(Goal of the exercise):
Pictures in the records are to be excluded from an otherwise exact copy.

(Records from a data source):
■ ■ ■ ■
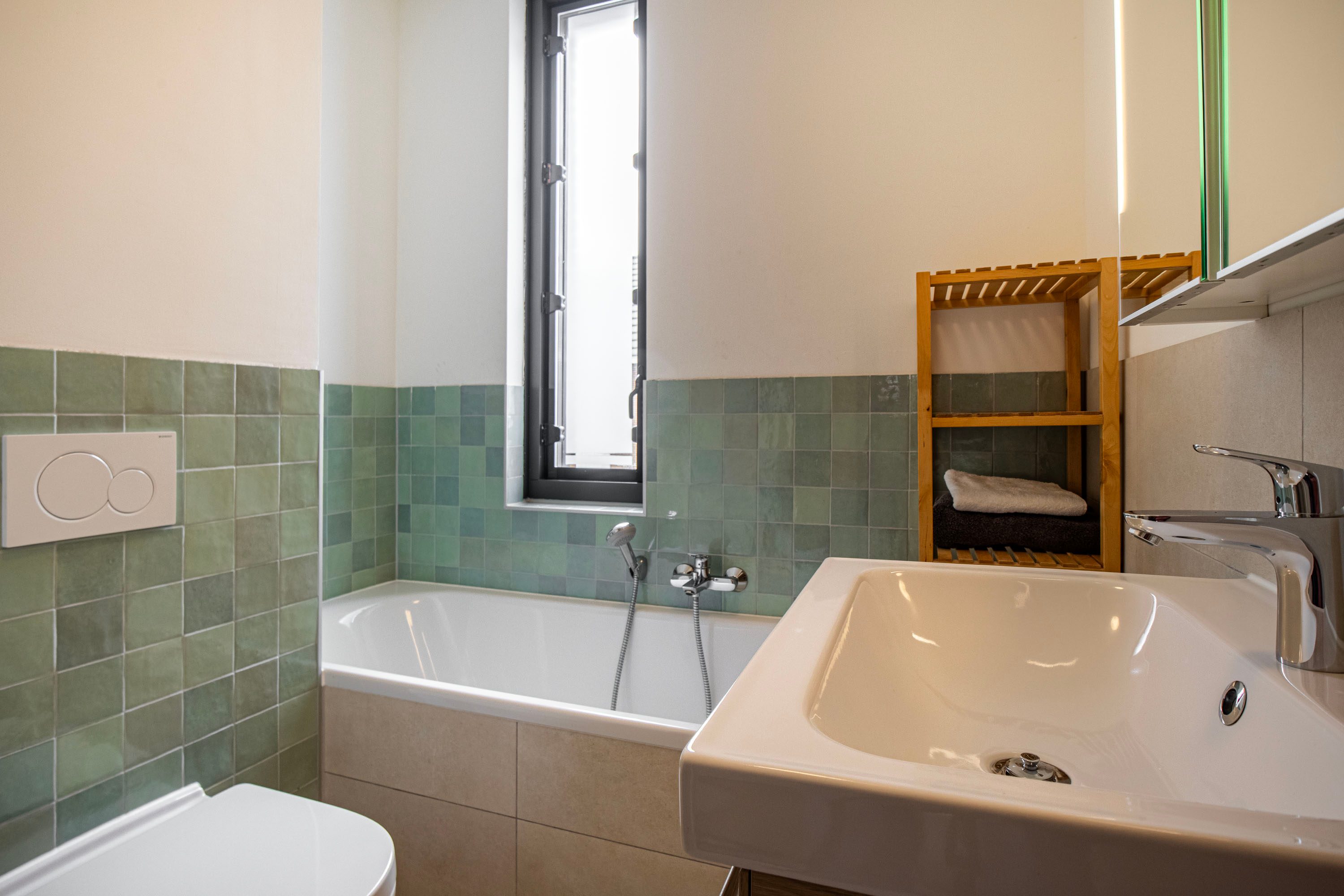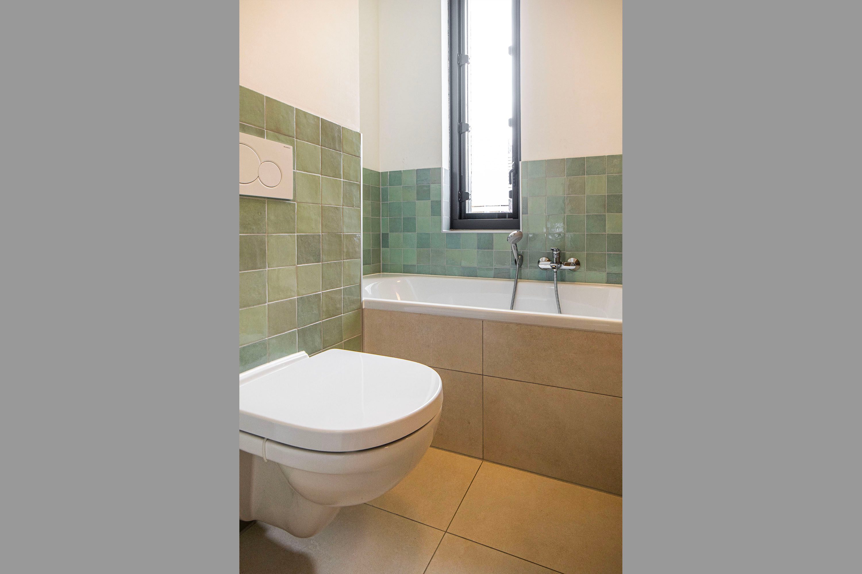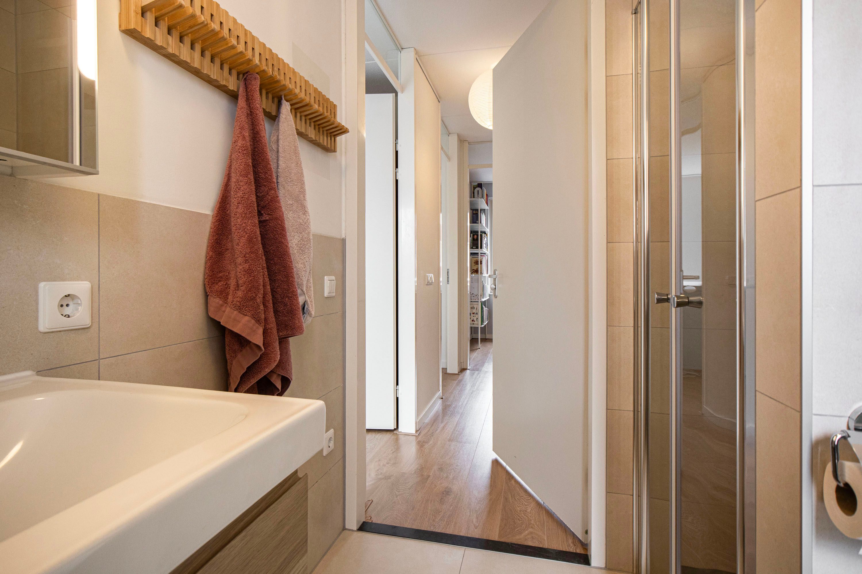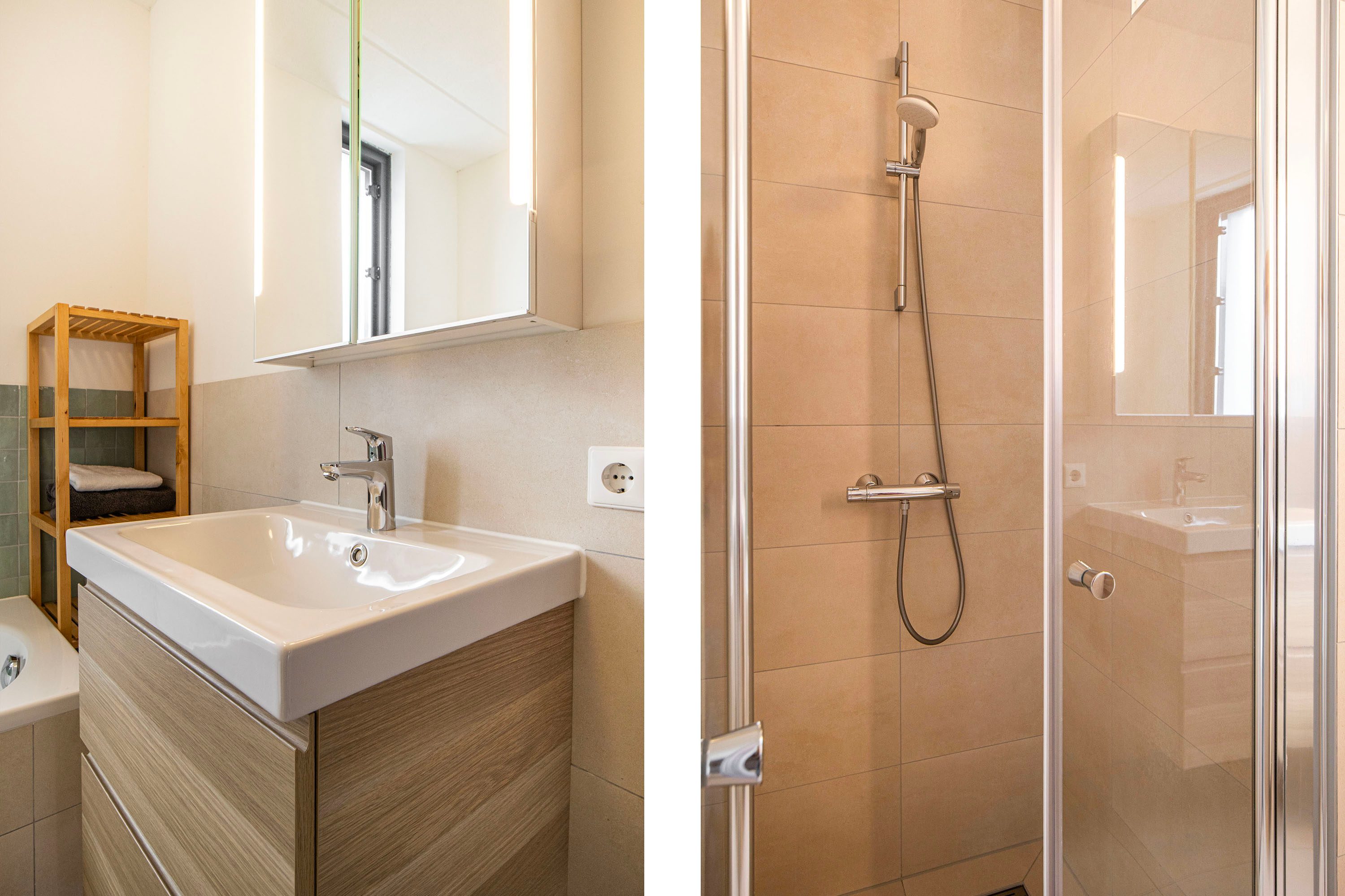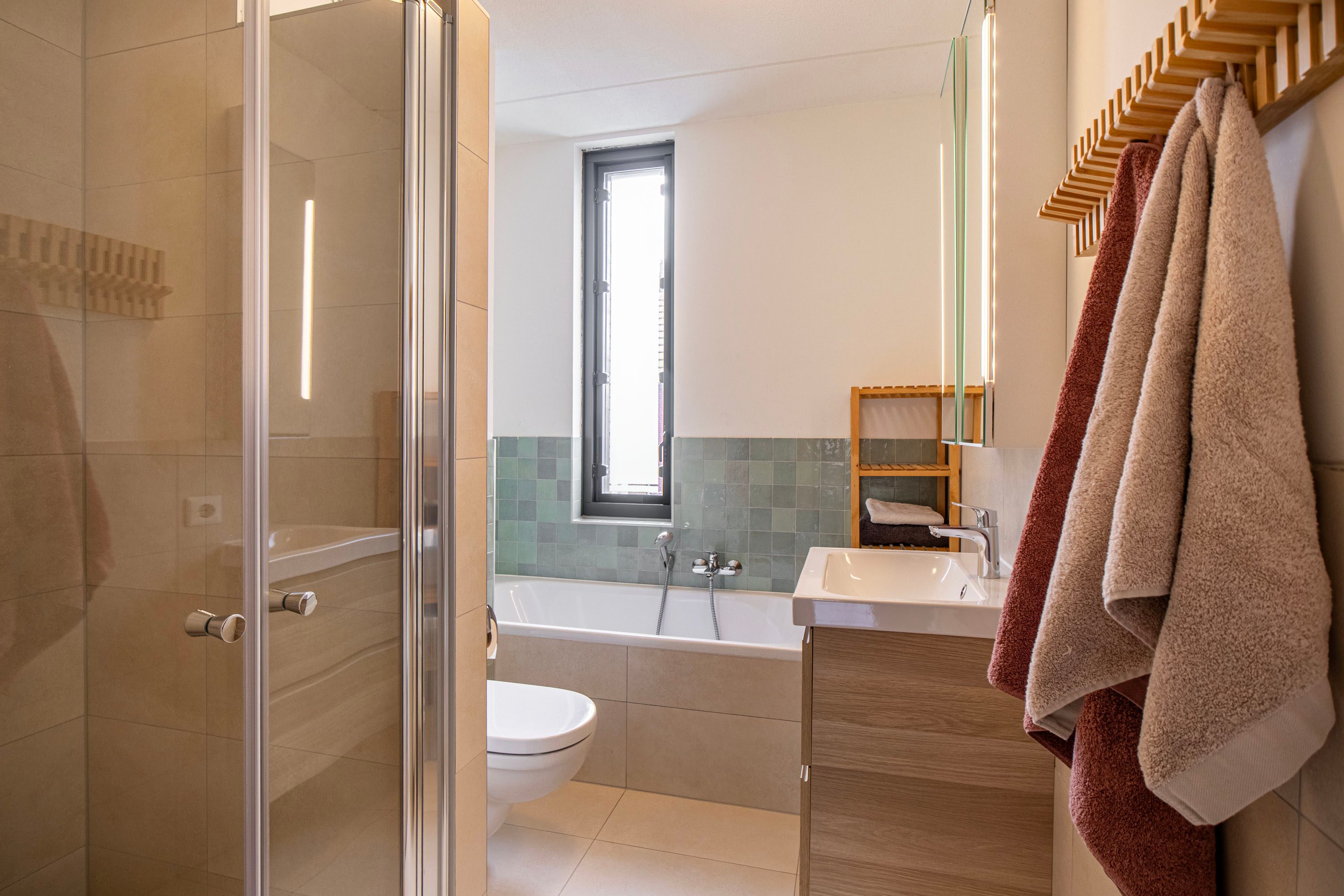 De badkamer is in 2023 gemoderniseerd en strak afgewerkt. Hier vind je een ligbad, inloopdouche, toilet en een wastafelmeubel, waardoor de ruimte zowel comfortabel als compleet is.
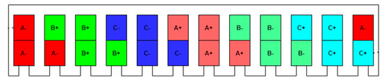 Since the machine structure is imposed with a number of slots per pole and per phase equal to two, the minimum study area for the finite element simulation is always one pole even when the number of poles changes. The configuration of the stator winding can also remain the same. A winding configuration with two layers and a short pitch of 5/6 was selected (Figure 8).
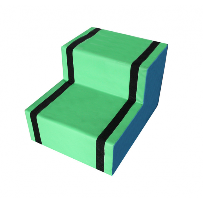 ספוג קשיח, כיסוי PVC עמיד, רחיץ וניתן להסרה, 2 מדרגות, אורך 80 ס"מ, רוחב 60 ס"מ, גובה 75 ס"מ, גובה מדרגה ראשונה 25 ס"מ, גובה מדרגה שנייה 50 ס"מ.
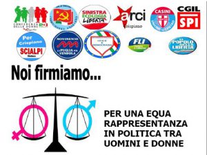 Il giorno 11 Marzo in p.za Madonna della Neve dalle ore 9.30 alle 13.00 e dalle 18.00 alle 20.00 si terrà una manifestazione tesa a raccogliere le firme per la modifica della legge elettorale Pugliese n. 02/2005 con l’introduzione del sistema elettorale della doppia preferenza una maschile ed una femminile. Nel caso questa iniziativa popolare dovesse essere accettata e varata dal consiglio Regionale cambierebbe un aspetto importantissimo. Al momento del voto si dovrà obbligatoriamente esprimere due nomi, uno maschile ed uno femminile . Un processo complesso ed importante per riportare la rappresentanza dei generi nelle sedi istituzionali e per realizzare una democrazia paritaria.
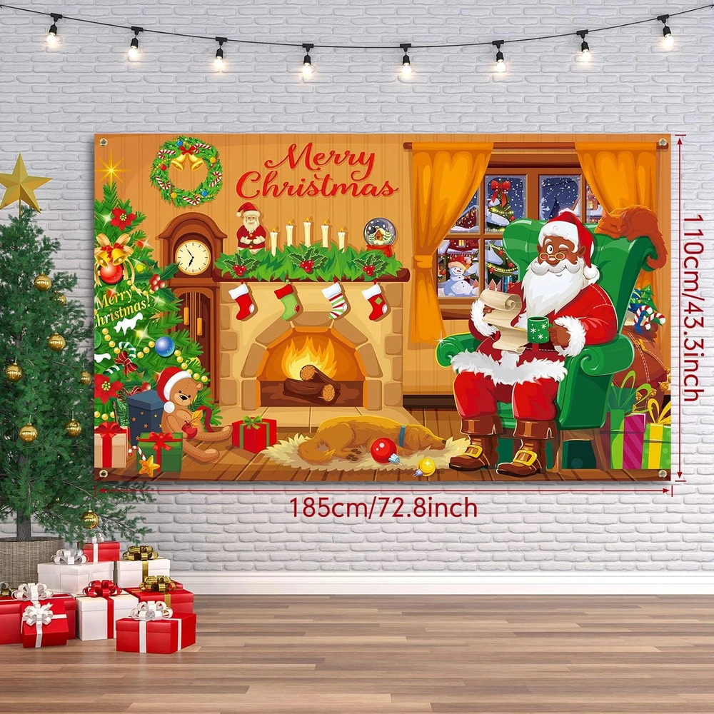 Menu Other Items Feedbacks About Us Contact Us Add To Favorites Merry Christmas Backdrop Xmas Black Santa Claus Background Decoration for Photography Fireplace Wall Hanging Banner Photo Booth Prop for Winter Home New Year Holiday Party Favor Supplies What You Will Receive: you will get 1 piece of Christmas backdrop with 4 holes on 4 corners, and equipped with 1 piece of long enough rope to support your different hanging purposes, which is very convenient for you to hang it indoors or outdoors Appropriate Size: the Christmas banner sign measures approx. 185 x 110 cm/ 72.8 x 43.3 inches, and the proper size is suitable to decorate walls and doors, and makes it easy to install and hang in the party theme; In addition, it is also ideal for taking photos with family and friends, leaving an impressive memory for you Christmas Themed Decor: the Christmas backdrop is printed with patterns of the black Santa Claus sitting by the fireplace, Christmas trees colored in classic red and green, snowman and some other Christmas elements, befitting for your Christmas party and making a warm atmosphere to your holiday Quality Material: Christmas photography backdrop is made of quality polyester fabric, with clear and vivid printing, weather resistant and tear resistant, washable and reusable, which is serviceable and can serve you for a long time Wide Range of Use: Xmas photo background is not only a nice decoration for various parties, such as Christmas parties, New Year parties, winter parties, Christmas events, birthday parties, etc., but also recommended as tablecloth, wallpaper, curtain, and photo studio background Product Description Item Specification Product Care Instructions hang it Occasion Christmas Product Dimensions 72.83"L x 43.31"W Item Dimensions L x W 72.83"L x 43.31"W Size 185 x 110 cm SHIPPING FREE FAST SHIPPING FREE SHIPPING We are always working hard to ensure your package arrives as soon as possible. Please understand that some factors like weather, high postal traffic, and the performance of shipping companies are outside of our control. We offer free shipping to the lower 48 states. We do not accept P.O. Boxes. Please provide a physical address. If you have a problem or question regarding your transaction please contact us immediately. We will work with you to resolve any problem you may have. Thank you
■ ■ ■ ■
(Your solution):
 De badkamer is in 2023 gemoderniseerd en strak afgewerkt. Hier vind je een ligbad, inloopdouche, toilet en een wastafelmeubel, waardoor de ruimte zowel comfortabel als compleet is.
 Since the machine structure is imposed with a number of slots per pole and per phase equal to two, the minimum study area for the finite element simulation is always one pole even when the number of poles changes. The configuration of the stator winding can also remain the same. A winding configuration with two layers and a short pitch of 5/6 was selected (Figure 8).
 ספוג קשיח, כיסוי PVC עמיד, רחיץ וניתן להסרה, 2 מדרגות, אורך 80 ס"מ, רוחב 60 ס"מ, גובה 75 ס"מ, גובה מדרגה ראשונה 25 ס"מ, גובה מדרגה שנייה 50 ס"מ.
 Il giorno 11 Marzo in p.za Madonna della Neve dalle ore 9.30 alle 13.00 e dalle 18.00 alle 20.00 si terrà una manifestazione tesa a raccogliere le firme per la modifica della legge elettorale Pugliese n. 02/2005 con l’introduzione del sistema elettorale della doppia preferenza una maschile ed una femminile. Nel caso questa iniziativa popolare dovesse essere accettata e varata dal consiglio Regionale cambierebbe un aspetto importantissimo. Al momento del voto si dovrà obbligatoriamente esprimere due nomi, uno maschile ed uno femminile . Un processo complesso ed importante per riportare la rappresentanza dei generi nelle sedi istituzionali e per realizzare una democrazia paritaria.
 Menu Other Items Feedbacks About Us Contact Us Add To Favorites Merry Christmas Backdrop Xmas Black Santa Claus Background Decoration for Photography Fireplace Wall Hanging Banner Photo Booth Prop for Winter Home New Year Holiday Party Favor Supplies What You Will Receive: you will get 1 piece of Christmas backdrop with 4 holes on 4 corners, and equipped with 1 piece of long enough rope to support your different hanging purposes, which is very convenient for you to hang it indoors or outdoors Appropriate Size: the Christmas banner sign measures approx. 185 x 110 cm/ 72.8 x 43.3 inches, and the proper size is suitable to decorate walls and doors, and makes it easy to install and hang in the party theme; In addition, it is also ideal for taking photos with family and friends, leaving an impressive memory for you Christmas Themed Decor: the Christmas backdrop is printed with patterns of the black Santa Claus sitting by the fireplace, Christmas trees colored in classic red and green, snowman and some other Christmas elements, befitting for your Christmas party and making a warm atmosphere to your holiday Quality Material: Christmas photography backdrop is made of quality polyester fabric, with clear and vivid printing, weather resistant and tear resistant, washable and reusable, which is serviceable and can serve you for a long time Wide Range of Use: Xmas photo background is not only a nice decoration for various parties, such as Christmas parties, New Year parties, winter parties, Christmas events, birthday parties, etc., but also recommended as tablecloth, wallpaper, curtain, and photo studio background Product Description Item Specification Product Care Instructions hang it Occasion Christmas Product Dimensions 72.83"L x 43.31"W Item Dimensions L x W 72.83"L x 43.31"W Size 185 x 110 cm SHIPPING FREE FAST SHIPPING FREE SHIPPING We are always working hard to ensure your package arrives as soon as possible. Please understand that some factors like weather, high postal traffic, and the performance of shipping companies are outside of our control. We offer free shipping to the lower 48 states. We do not accept P.O. Boxes. Please provide a physical address. If you have a problem or question regarding your transaction please contact us immediately. We will work with you to resolve any problem you may have. Thank you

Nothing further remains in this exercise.